Apremnath, Welcome to the Forum, is this the name you want us to call you? If not you can add a signature line in your post.......My dogs are on the furniture, in the cars and on my lap so about every 2 weeks they get a "beauty treatment" of hair and nails. In the winter I try to push it as long as possible. I don't think the bath caused you puppy’s shedding unless you used something harsh. She will blow her puppy coat between 6 & 12 months. Brushing with a good brush will help maintain the coat. There are many threads on grooming and products members have been happy with.


----------



## Leslie (Feb 28, 2007)

Sandi, your girls look beautiful! Great job :clap2:

Lucile, I totally understand where you are coming from. You're right, the dogs DON'T care what they look (or smell) like. If they did, they definitely wouldn't be rolling in the nasty things they so often do uke: I would watch the chlorine exposure, though. Like Christy posted, it can be very drying. But, besides that, it can turn the white part of her coat GREEN  We had a sheltie who swam w/us a lot and the white part of her coat often had a green tint to it. We also had very blond children whose hair would turn green as well. Should Rosie start to become a black and green dog, there's a product called _Aloe Rid_ that works beautifully to restore the whiteness.


----------



## Luciledodd (Sep 5, 2009)

I'm not worried about the chlorine, I bathed my schnauzers in the pool every summer. The white leg furnishings usually came out really white. (now my hair turned green one summer because I had bleached it blond--it was frightful). Also I use the same shampoo and conditioners in the pool that I always use. Someone said it was gross to bath the dogs in the pool; but I said that it was my pool and they could stay out of it. We had a lab once that stayed in it and when I had a yard dog, it was bathed there also. But today the temp dropped to 60 degrees and ROSIE--LITTLE DEVIL-- decided to roll in a dead frog. Gosh the smell was awful. I tried to brush her before bath but couldn't stand the smell and went ahead and bathed. Now she has some matting--but clean. I brushed over the mats and cut one or two out and it is not noticable. she is happy and I am going to take a nap after all that. We will deal with the rest of the mats another day.


----------



## marjrc (Jan 13, 2007)

Sandi, the girls look great! I love Smarty's silver coloring. 

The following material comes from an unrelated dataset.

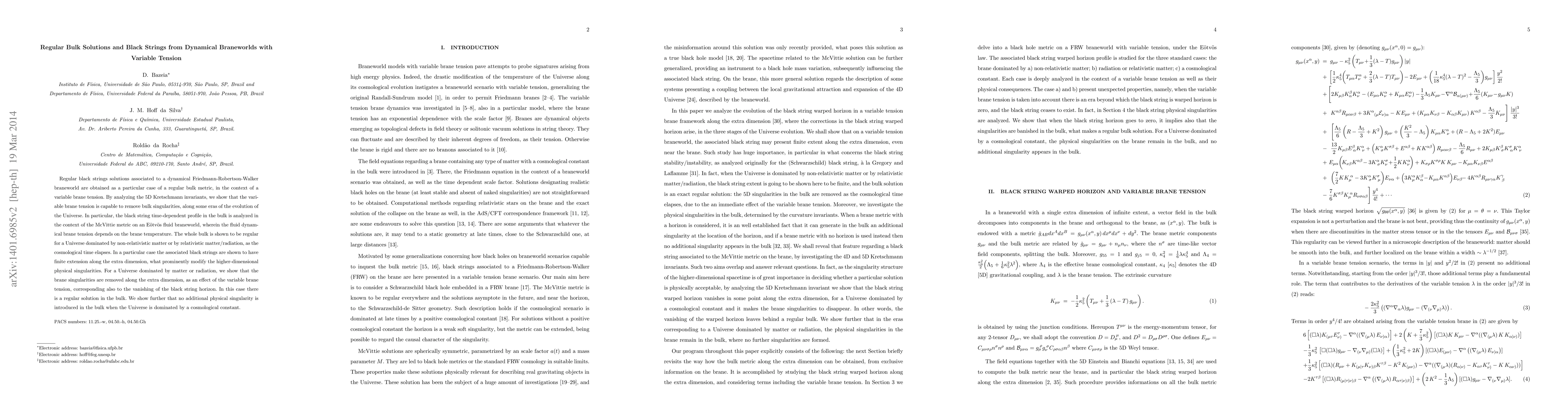 This paper explores regular black string solutions in a dynamical braneworld model with variable brane tension, demonstrating that such tension can eliminate bulk singularities over cosmic time. The analysis reveals that the bulk remains regular under conditions dominated by non-relativistic matter or relativistic matter/radiation, with the variable brane tension effectively removing brane singularities.

Lucille, more power to you! lol Better to cut the mats out then let them get too tight as they will hurt the skin and may cause hot spots. I've been known to cut out mats now and then too, but I am lucky now (touch wood!) that Ricky's and Sammy's coats are pretty easy to care for. If I'd be working full time though and had a hugely active social life, then forgetaboutit! LOL


----------



## Missy (Nov 6, 2006)

you know "Bath Day" is the only thing keeping my MHS in check. In fact, DH now uses "Bath Day" instead of "you will have to get up in the morning and walk with us" as his prime reasoning for not getting a third. So far, it has been his best strategy yet. Oh how I want a big ole kitchen sink! kneeling at the tub is getting old. (or is it that I am getting old?)


----------



## Missy (Nov 6, 2006)

and she thinks she hates "Bath Day!"


----------



## SMARTY (Apr 19, 2007)

Missy said:


> *you know "Bath Day" is the only thing keeping my MHS in check. * In fact, DH now uses "Bath Day" instead of "you will have to get up in the morning and walk with us" as his prime reasoning for not getting a third. So far, it has been his best strategy yet. Oh how I want a big ole kitchen sink! kneeling at the tub is getting old. (or is it that I am getting old?)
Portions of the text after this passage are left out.